The Mundane Man will scream. Smack! Smack! Smack! Down the aisle on his slippery stumps, but he'll quieten up, so you'll not notice him so much.
It will be at this time, that the Young Woman Sleeping With Her Eyes Open rolls over, and her notebook will fall to the floor.
Everyone will seem to hold their breath, then their lips will flutter in breathless lullaby. Fetid desperation.
You'll notice the Young Woman's eyes are closed, but her eyelids are clear, with fine feathery tufts of translucent hair. You'll recall this trait in waterbirds. Two sets of lids, one for swimming, one for sleep. But the woman will hardly swimming...
"She's beautiful." The Backmound will sigh.
"She is, isn't She?" The Touched Woman will sigh also, the petals of their sighs overlapping.
But she won't be, the woman, not what you would call beautiful. Not at all.
"She is our writer. She made you. And me. She makes everything you say and do, and she loves you very very much. But we mustn't even think about Her, She doesn't like that. We have to play by Her Rules, don't we now? Pay our fare." Touched Woman will say.
The Mundane Man is sobbing.
"Mama, why is he sad."
"He's new, he's not used to Her. Sometimes She must do strange things to us, as She's making us. She's always making us. See how She watches us, that means she's writing you all down. But sometimes there's too much of you, or you aren't as special as you might be, and that's why we have Half Fares."
"Like Teddy?"
"Like Teddy."
"If she loves Teddy why would she do it to him?Why would she make me do it to Teddy if it makes me sad?"
"Just as we are bound to Her, and Her fate, She's bound to someone else, she must entertain them. A Reader. They like us to be hurt, it amuses them. They are bored when we are happy."
"Meanie."
"I know, darling."
The Backmound will look up at you. You'll smile. So much of being a parent is theatrical, you'll think.
"Mama, look! It's me!"
"I know it's you, darling."
"No. On the book. One their book."
You'll look down. Your book.
There will be a hush.
"The Reader," The Mundane Man will say softly.
It will be the wrong bus, that morning.
You'll blurt "I'm not the only one. It's.. printed. There are millions."
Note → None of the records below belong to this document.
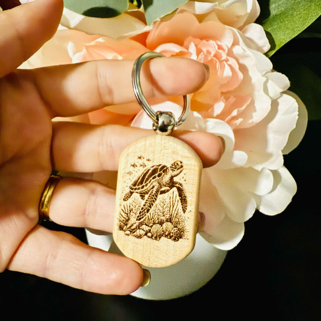 Stay organized and never lose your keys again with our Turtle Wooden Key Chain. This quirky and fun key chain can be personalized on the back, making it easy to identify if lost. Never let your keys wander off without you!
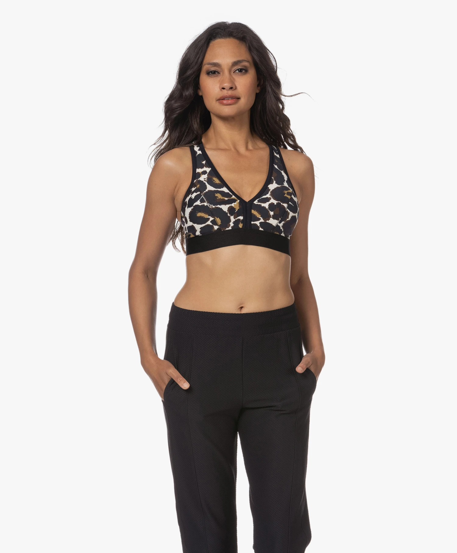 Deblon Sports weet wat vrouwen verlangen van hun sportkleding. Niet alleen een hoog prestatielevel maar ook een stijlvolle look. BH top Charly met luipaardprint in off-white, bruine en zwarte tinten voldoet aan dat eisenlijstje. De sport-BH is gemaakt van een stevige tech kwaliteit, is ontworpen met een sportief racerback design en komt met verwijderbare BH-pads om zelf de gradatie van steun de bepalen.
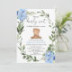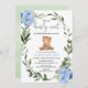 Convites Teddy Bear Blue Greenery chá de fraldas floral
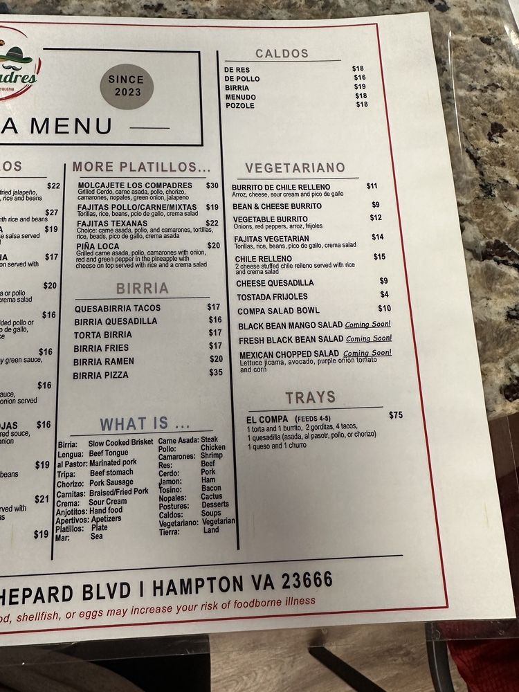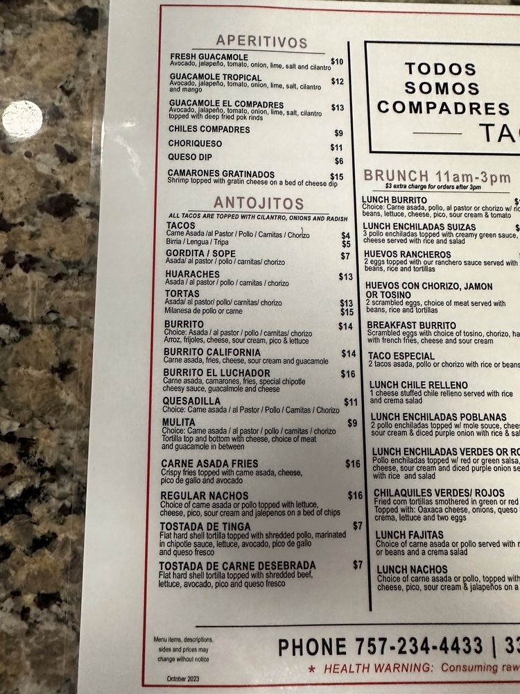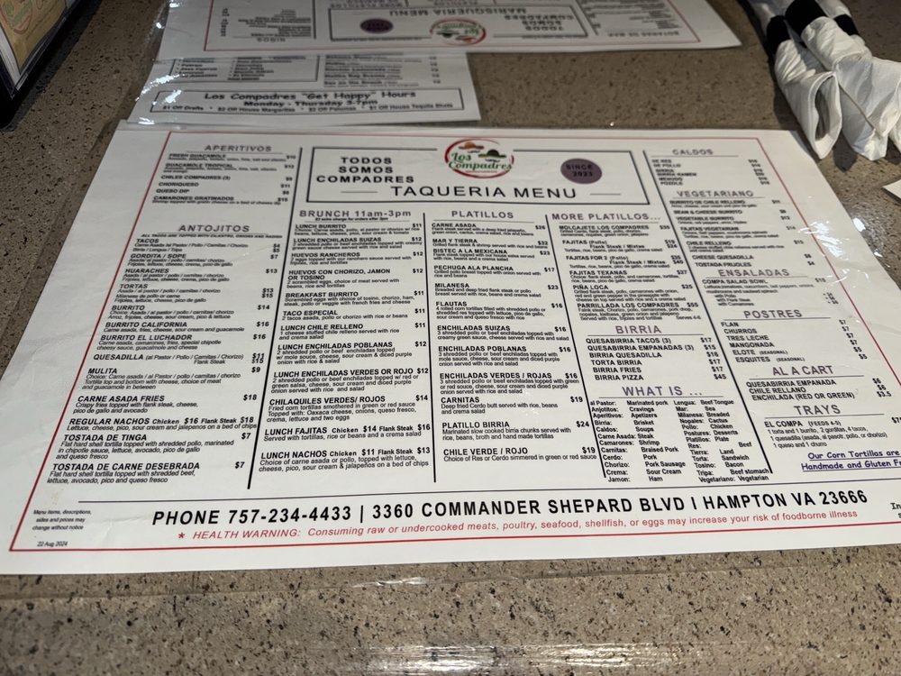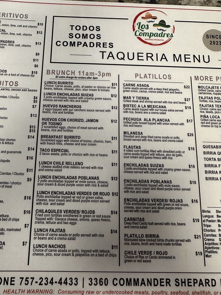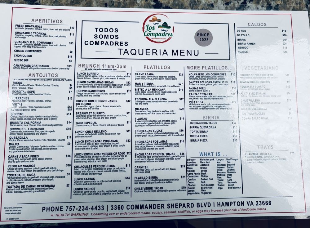 Welcome to Los Compadres Taqueria & Marisqueria, a vibrant Mexican restaurant that brings the spirit of authentic Mexican cuisine to Hampton, VA. Here, you can indulge in an array of mouthwatering dishes, from savory birria tacos served with flavorful consomé to the hearty burrito El Luchador and the beloved molcajate Los Compadres, all crafted with passion and precision.
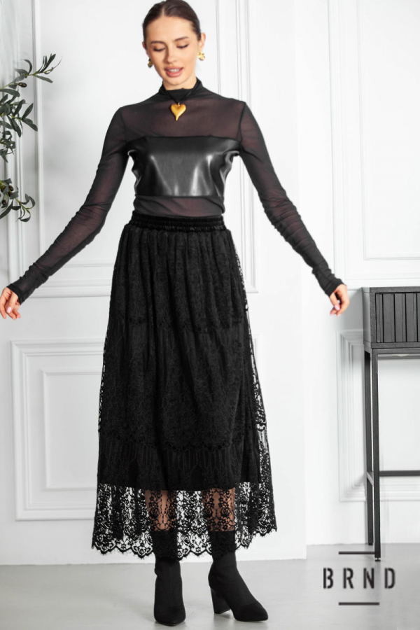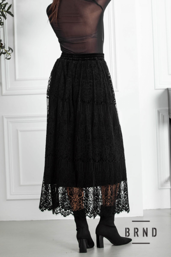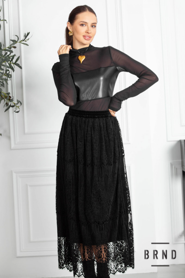 Юбка бархатная, комбинированная с кружевом, крой А-образный, пояс-резинка (Roberto Cavalli)
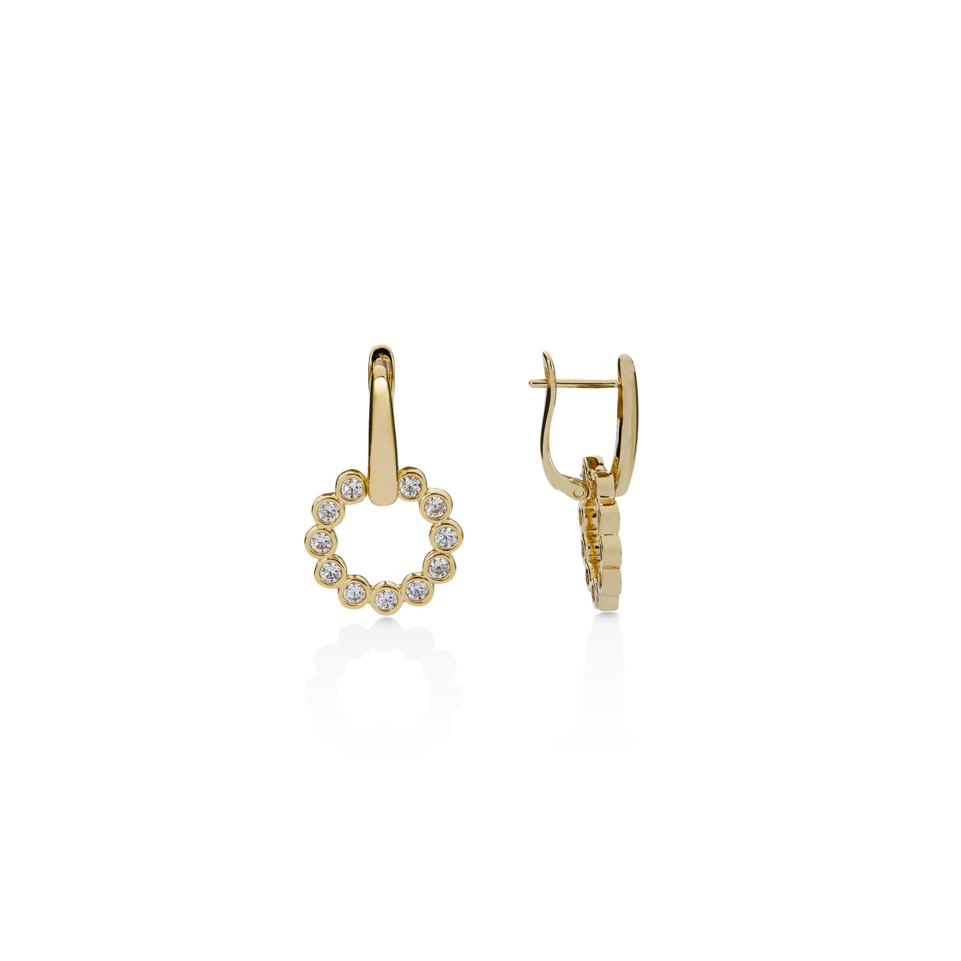 - Zarif tasarımıyla dikkat çeken Mesmera Taşlı Halka Küpe, kadınların şıklığını tamamlar. Altın rengi seçeneğiyle her türlü kıyafetle uyum sağlayarak göz alıcı bir görünüm kazandırır. - Altın renginin asaletini yansıtan bu halka küpeler, özel günlerde veya günlük kullanımda idealdir.
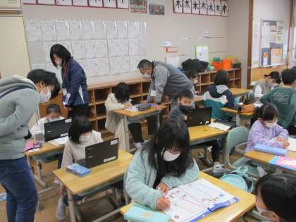第8回学びの庭が開催されました。子供たちは、新年のちかいでたてた目当てを意識しながら集中して学習していました。講師の方から教わるだけでなく、友達同士で教え合う姿も見られ、できるようになるために頑張ろうという気持ちが伝わってきました。
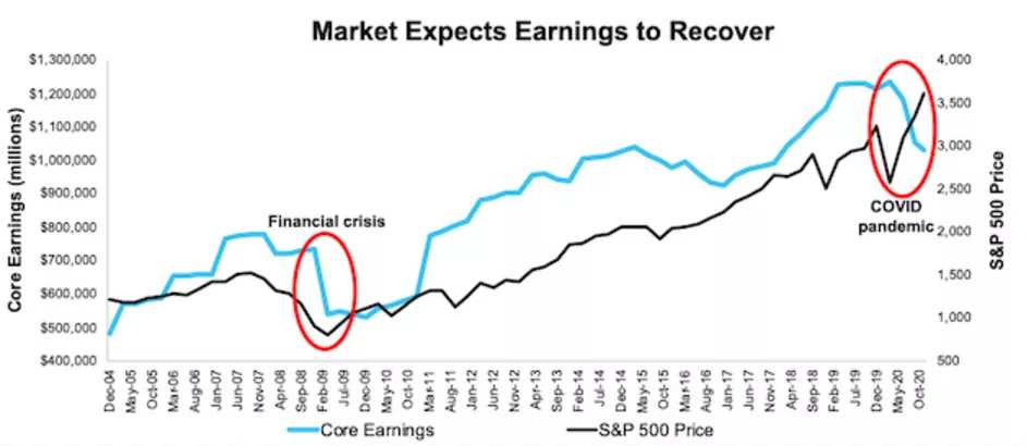 當前危機期間市場的反應與2008年金融危機期間十分不同。當時,標普500指數隨著企業核心收益的下滑而大幅下跌,直到2009年第二季度,也就是核心收益觸底的時候,才出現反彈。而現在的情況是,核心收益尚未見底,而美股已市場飆升至歷史高點。

"Then we won't miss one, will we?" The Clearly Disturbed Man will muse.
"This is not my bus"
"Then you'll not have the right ticket... will you now?" He'll rasp.
[smack]
**********************************
Hahah. I hate you, and your beautiful metaphors. I really loved this line,
| QUOTE |
| His touch will be cold, bony, nobbled at the knuckles, half a gnarled thumb misplaced in motor mishaps. A network of cracked crevasses and crevices interlace; porous, raw, prawn-red and bug-eyed vein blue. A sweet touch, an abiding touch, firm at the center and thorny deep. |
and you know it turned me on, ooooh baby baby.